_THE DATA_
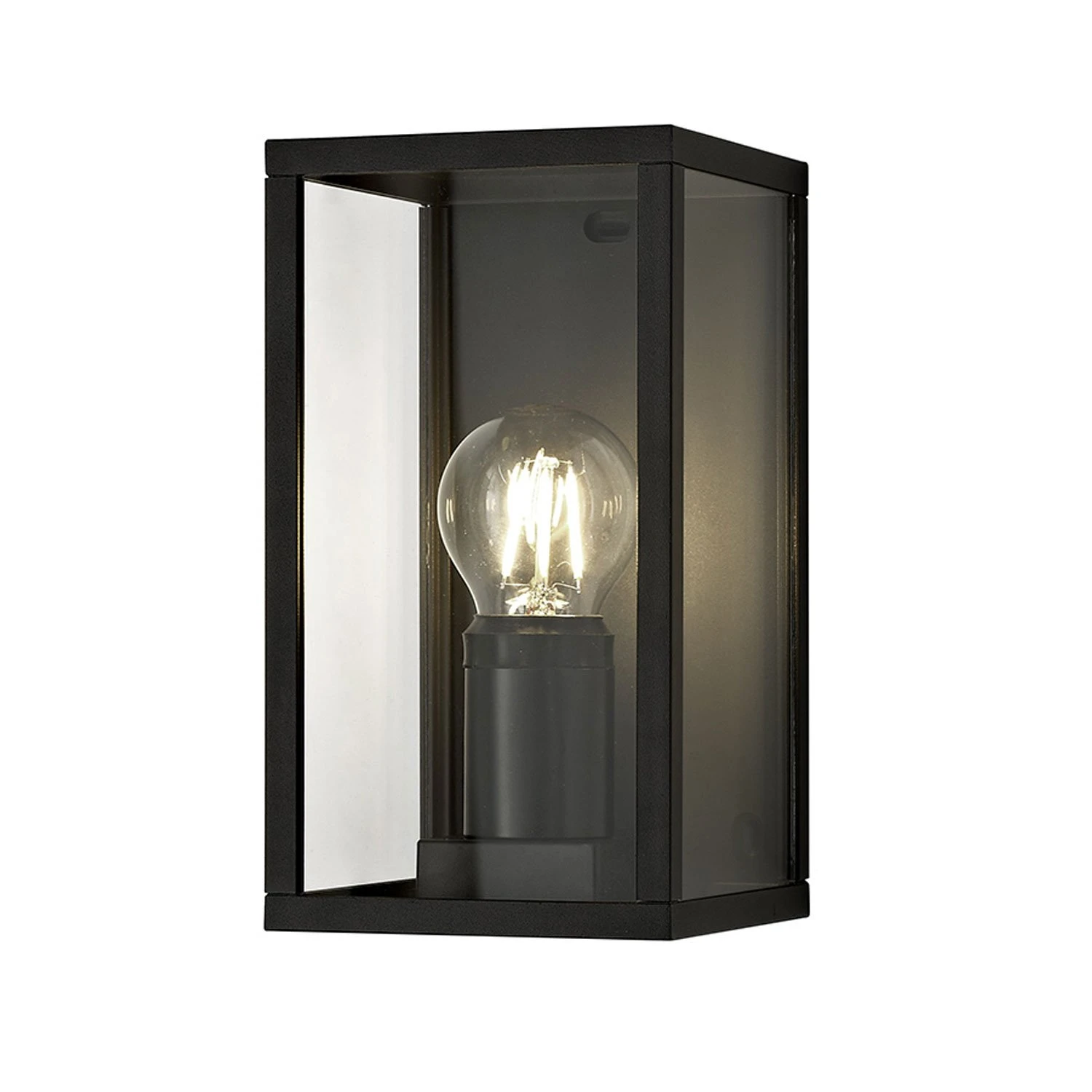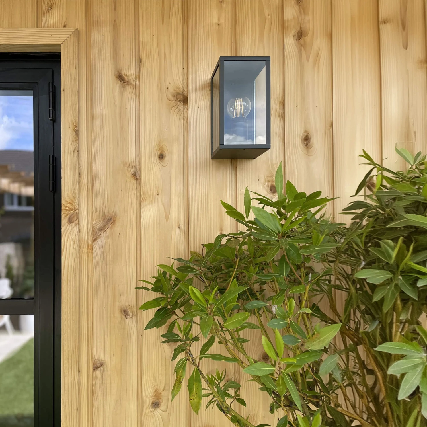 Theย Jama Graphite Black Outdoor Wall Light features a three dimensional frame with glass panels, drawing inspiration from traditional oil lanterns. The graphite black finish offers durability and longevity against outdoor elements and harsh weather.
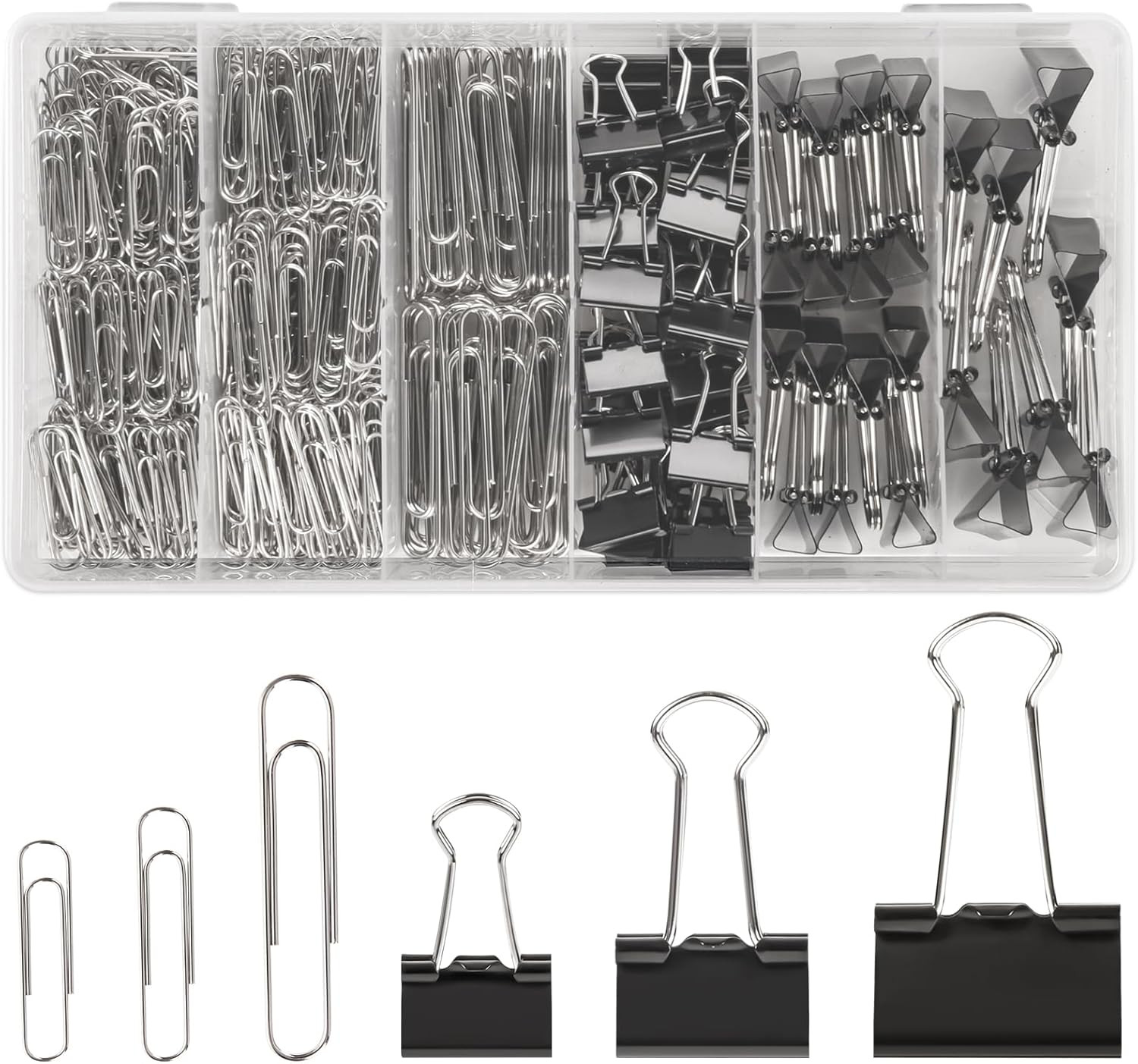 500PCS Paper Clips and Binder Clips Assorted Sizes,Silver Paper Clips Black Bi
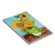 Three Sunflowers (1888) by Vincent van Gogh is a vibrant still life that showcases the artist’s signature thick brushstrokes and bold use of colour. The painting features three sunflowers in a simple vase, their golden petals contrasting against the aqua blue background. Van Gogh's vivid yellow palette brings energy and life to the scene, capturing the fleeting beauty of the flowers. This piece is part of a series of sunflower paintings created by the artist, highlighting his fascination with the flower as a symbol of life, vitality, and transience.
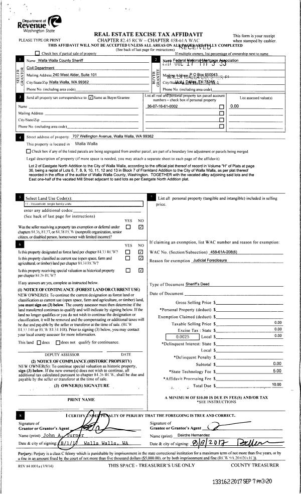 | 3 | 08/08/2017 | AFFIDAVIT | AFFIDAVIT | HORNER GERALD RAY & BERTHA MAY | FEDERAL NATIONAL MORTGAGE ASSOCIATION | | | $0.00 | 133162 | 2017-07020 |

_YOUR TASK_
The copy should hold exactly the lines above from the one with "500PCS Paper Clips" through the one with "Three Sunflowers (1888)", both ends counted, and no pictures at all.

_ANSWER_
 500PCS Paper Clips and Binder Clips Assorted Sizes,Silver Paper Clips Black Bi
 Three Sunflowers (1888) by Vincent van Gogh is a vibrant still life that showcases the artist’s signature thick brushstrokes and bold use of colour. The painting features three sunflowers in a simple vase, their golden petals contrasting against the aqua blue background. Van Gogh's vivid yellow palette brings energy and life to the scene, capturing the fleeting beauty of the flowers. This piece is part of a series of sunflower paintings created by the artist, highlighting his fascination with the flower as a symbol of life, vitality, and transience.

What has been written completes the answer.